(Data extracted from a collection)

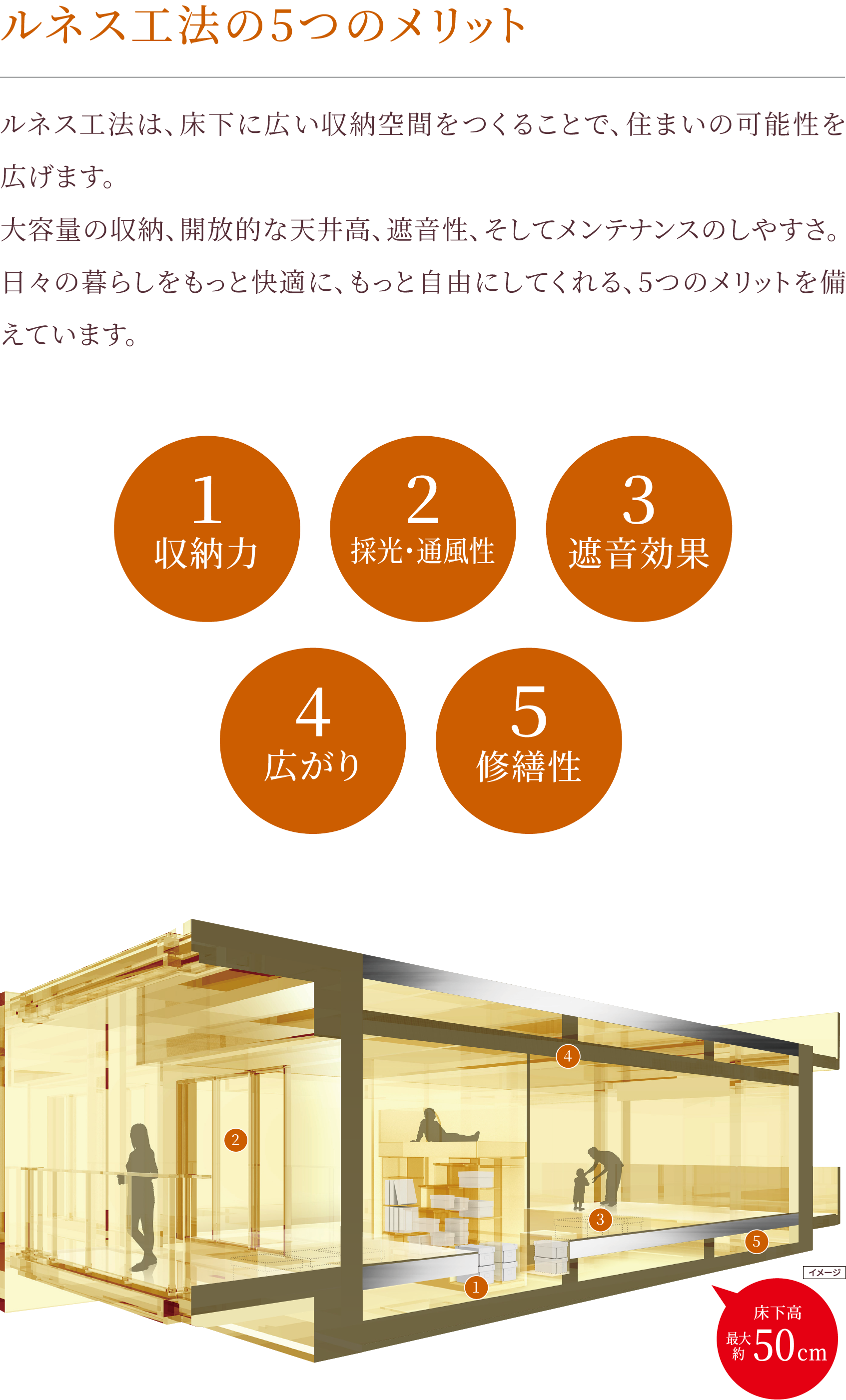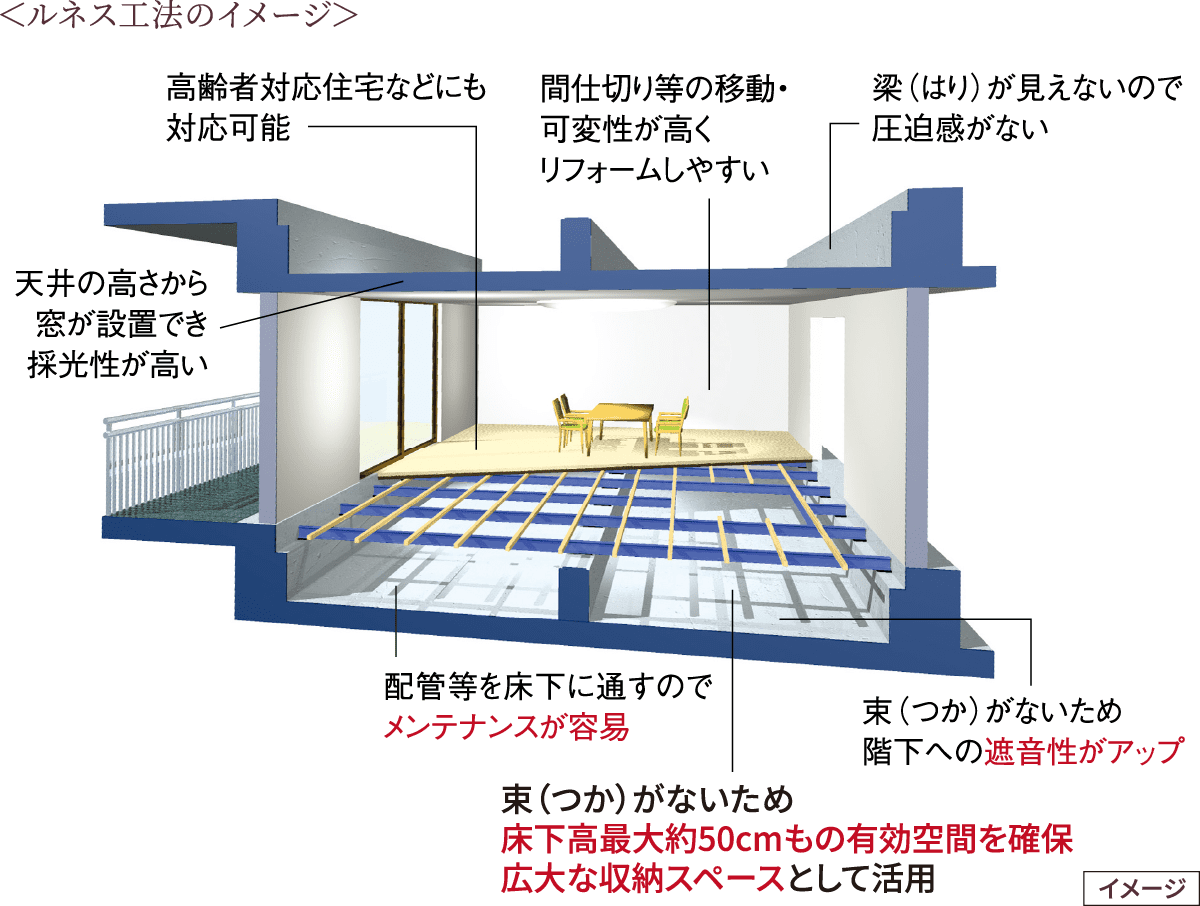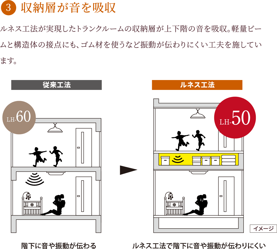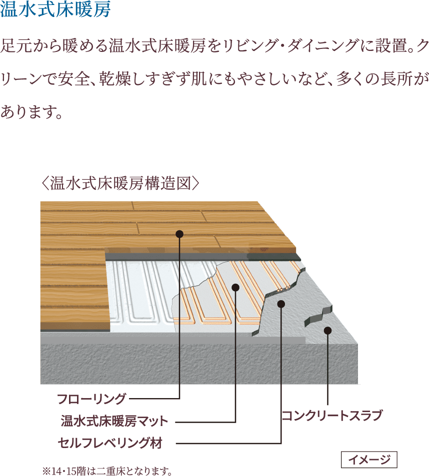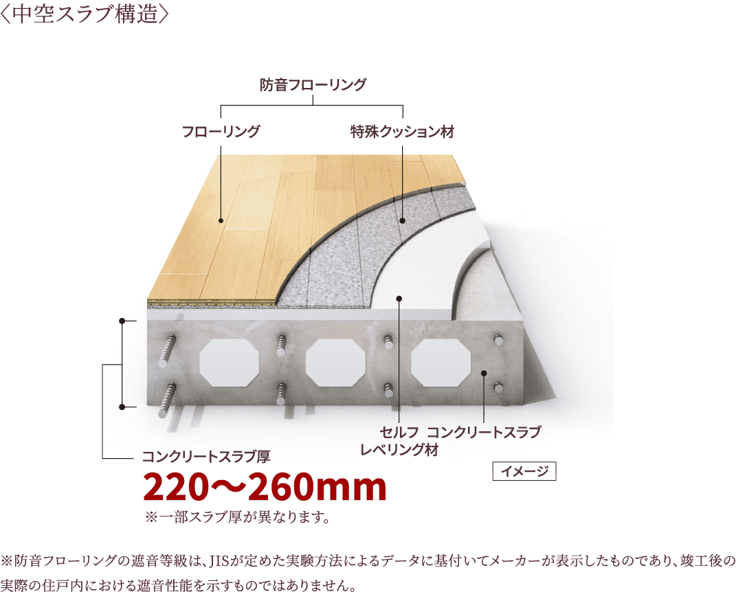 生活音の中で低音域の重い音(重量衝撃音)に対しては、220〜260mmの中空スラブ構造を(14・15階はルネス工法)、高音域の軽い音(軽量衝撃音)に対しては軽量床衝撃音低減性能がΔLL(Ⅰ)-4等級のフローリング材を採用し階下への音の伝わりを抑えています。
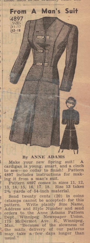 Feeling a little more ambitious? Making do was just as big a thing in the war years as it was during the Depression, and you could even order patterns to make a ladies’ outfit from a man’s suit. The one pictured below is a wonderful example of typical war-time thrift: no collar, partly because that’s easier but also because it saves fabric; no cuffs, no facings, no belts, all for the same reason – and if it had a lining, that would only have been because the original man’s suit it was cut from had a lining. Unfortunately, all we have is the ad for the pattern, not the pattern itself – but maybe you could challenge yourself to make the pattern! Grab a man’s suit (maybe ask the owner first if he minds you cutting it up) and decide: Which pieces will you keep? What needs to be re-cut or re-shaped? Are there any “extra” pieces, and what can you use them for?
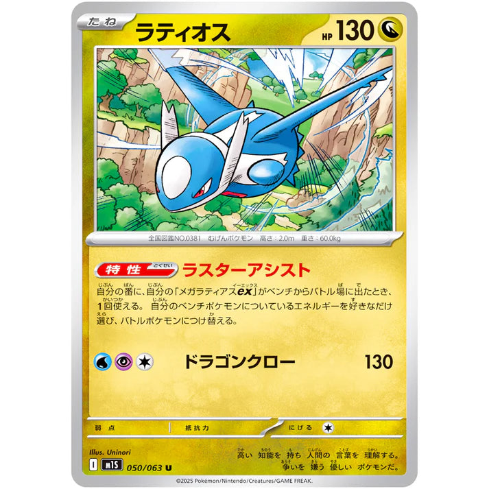 ラスターアシスト自分の番に、自分の「メガラティアスex」がベンチからバトル場に出たとき、1回使える。自分のベンチポケモンについているエネルギーを好きなだけ選び、バトルポケモンにつけ替える。
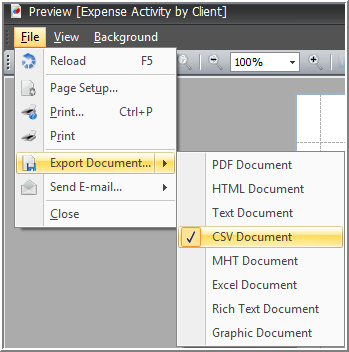 - Depending on what tab you are using from the Preview report function, the Export to Excel function can be accessed by a button on the toolbar or via the File menu item.
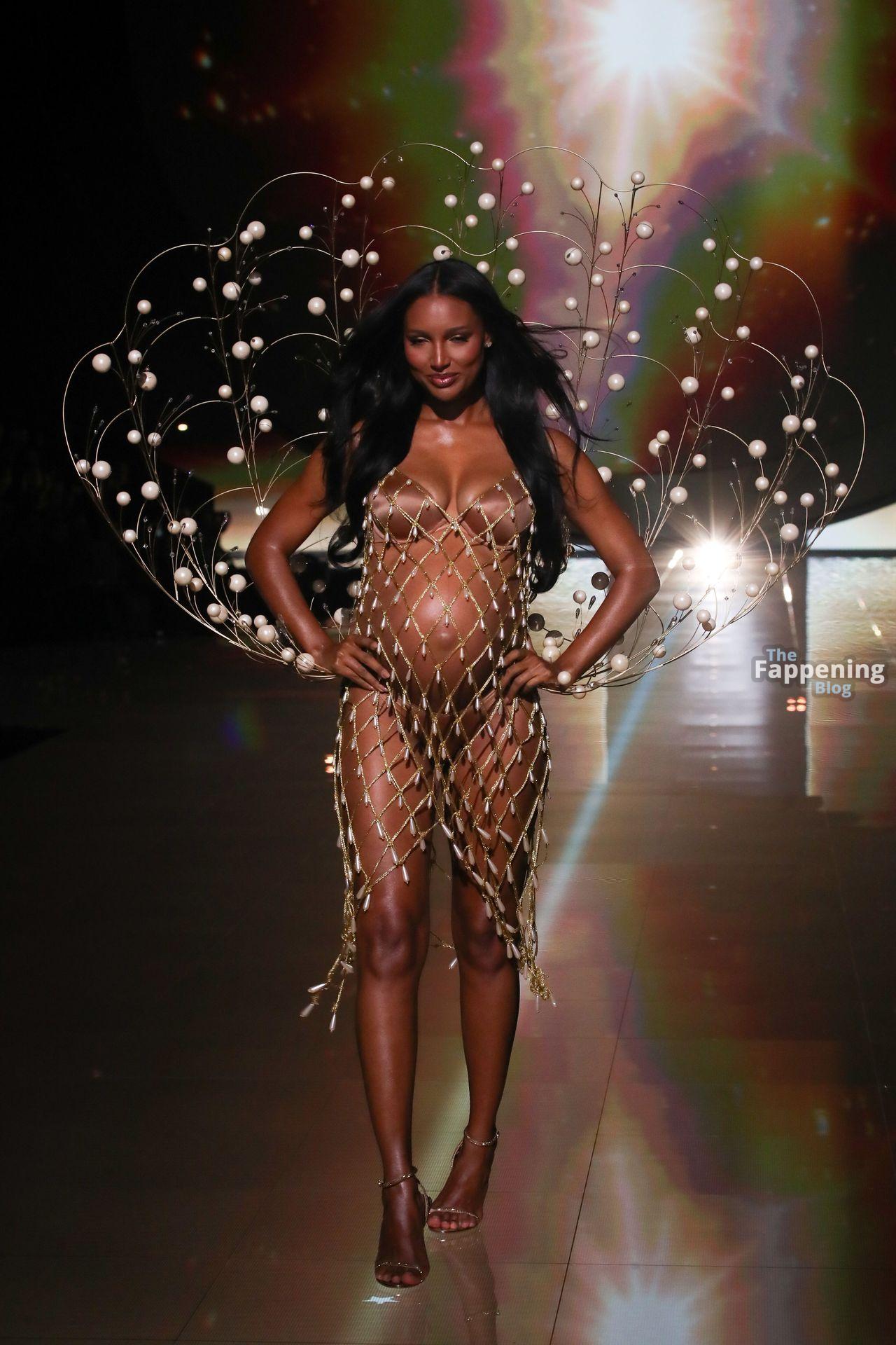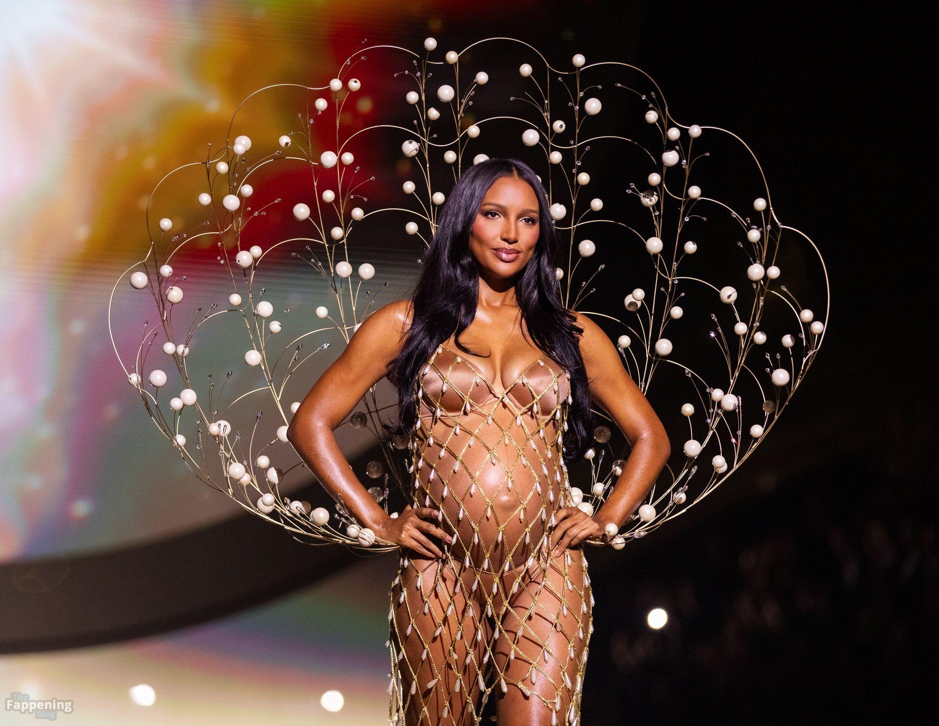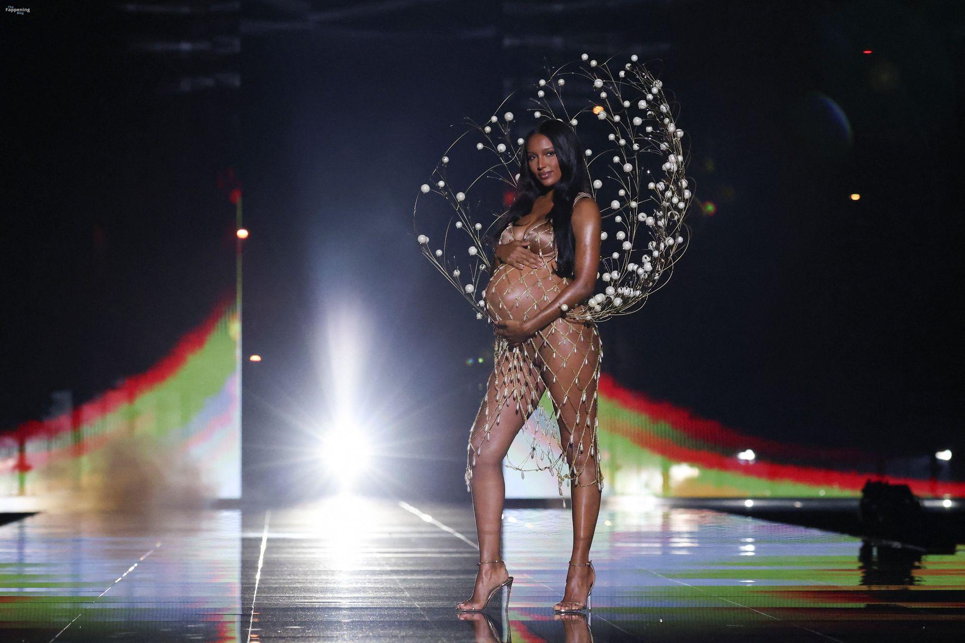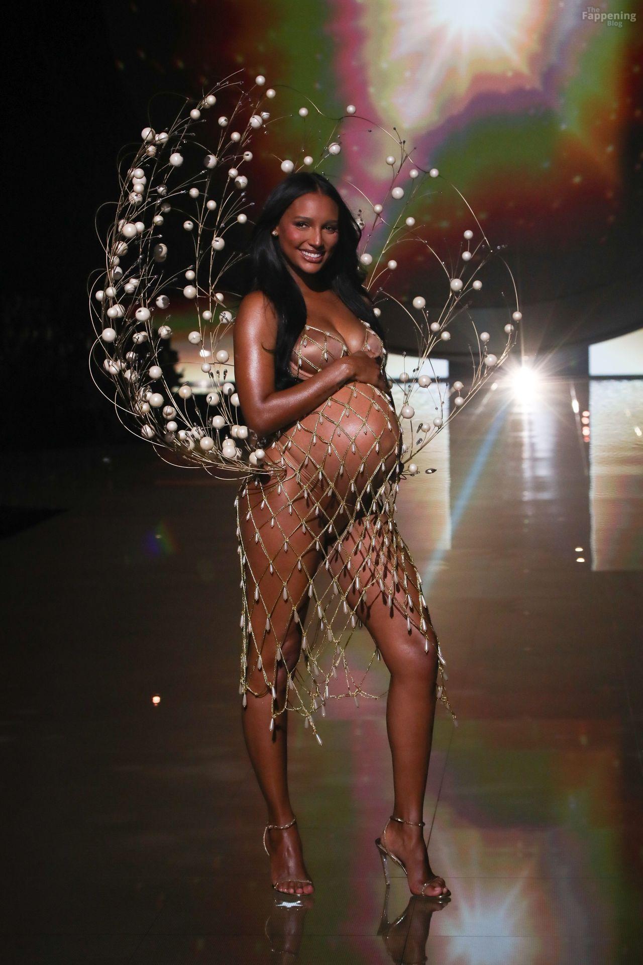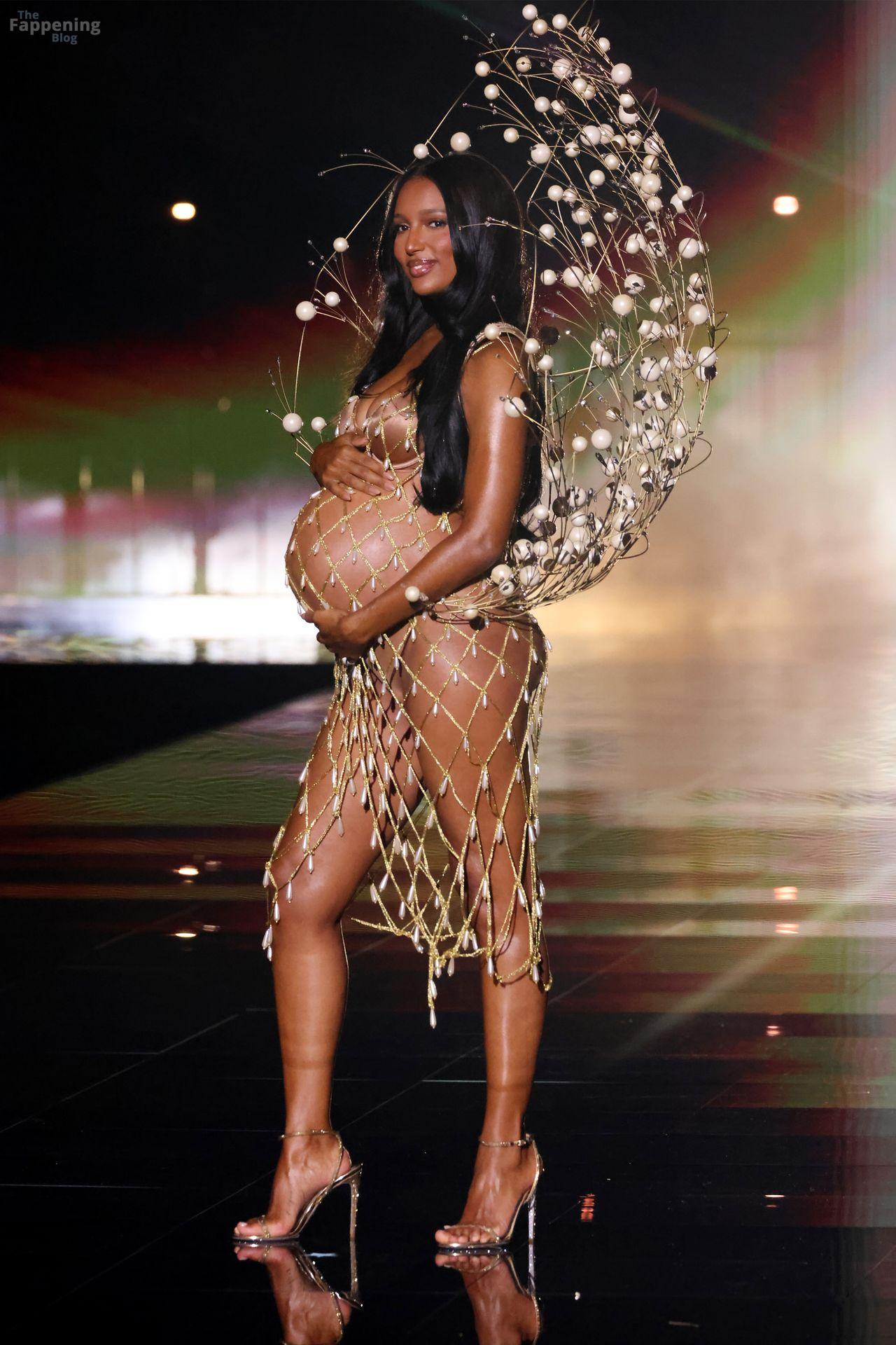 Jasmine Tookes stunned at the Victoria’s Secret Fashion Show 2025, strutted out at nine months pregnant in a sheer gold dress that showed off her bump.

WHAT NEEDS TO BE DONE: Transcribe every entry word for word, excluding images.

WRITTEN SOLUTION:
 生活音の中で低音域の重い音(重量衝撃音)に対しては、220〜260mmの中空スラブ構造を(14・15階はルネス工法)、高音域の軽い音(軽量衝撃音)に対しては軽量床衝撃音低減性能がΔLL(Ⅰ)-4等級のフローリング材を採用し階下への音の伝わりを抑えています。
 Feeling a little more ambitious? Making do was just as big a thing in the war years as it was during the Depression, and you could even order patterns to make a ladies’ outfit from a man’s suit. The one pictured below is a wonderful example of typical war-time thrift: no collar, partly because that’s easier but also because it saves fabric; no cuffs, no facings, no belts, all for the same reason – and if it had a lining, that would only have been because the original man’s suit it was cut from had a lining. Unfortunately, all we have is the ad for the pattern, not the pattern itself – but maybe you could challenge yourself to make the pattern! Grab a man’s suit (maybe ask the owner first if he minds you cutting it up) and decide: Which pieces will you keep? What needs to be re-cut or re-shaped? Are there any “extra” pieces, and what can you use them for?
 ラスターアシスト自分の番に、自分の「メガラティアスex」がベンチからバトル場に出たとき、1回使える。自分のベンチポケモンについているエネルギーを好きなだけ選び、バトルポケモンにつけ替える。
 - Depending on what tab you are using from the Preview report function, the Export to Excel function can be accessed by a button on the toolbar or via the File menu item.
 Jasmine Tookes stunned at the Victoria’s Secret Fashion Show 2025, strutted out at nine months pregnant in a sheer gold dress that showed off her bump.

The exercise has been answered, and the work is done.